LoSAH will be the first business to open in the 3545-3559 W. Armitage Ave. building, a newly remodeled industrial-style property with six storefronts, said Joe Padorr, of Seneca Real Estate Group, the broker for the property.
The center broke ground in August after searching for the right location for more than a year, its leaders said.
The 5,000-square-foot warehouse was chosen because of its optimal location on the border of Logan Square and Hermosa, street parking and easy access to the Armitage No. 73 bus, commissioners said.
Construction is set to wrap in early January, and a grand opening celebration is in the works, officials said.
Despite challenges in finding the right space amid a pandemic, commissioners that moved away and losing member Sister Diane Collins, who died earlier this year, the board has not stopped its mission, said Milka Ramírez, commissioner and program president.
“In the years that we’ve been together since 2019, we’ve only canceled one meeting because of a lack of a quorum, so that goes to show how committed these commissioners are,” Ramírez said.
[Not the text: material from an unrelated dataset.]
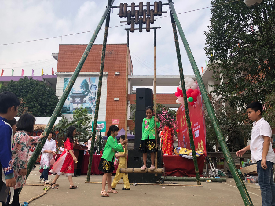 | Trò chơi đánh đu và ô ăn quan được nhà trường tái hiện tại hội chợ. |

Their collaboration model is in line with the center’s community approach to mental wellness, Ramírez said. Leading up to the opening, commissioners gathered community input to guide decisions on the buildout, including the center’s name and the gold walls, Ramírez said.
As LoSAH leaders prepare for its debut, they hope it can become a community space and not simply a mental health clinic, Ramírez said.
“We’re looking forward to opening the doors for our communities, and we really do believe that this is going to be an opportunity for the community to come together, to heal and for more transformation,” she said.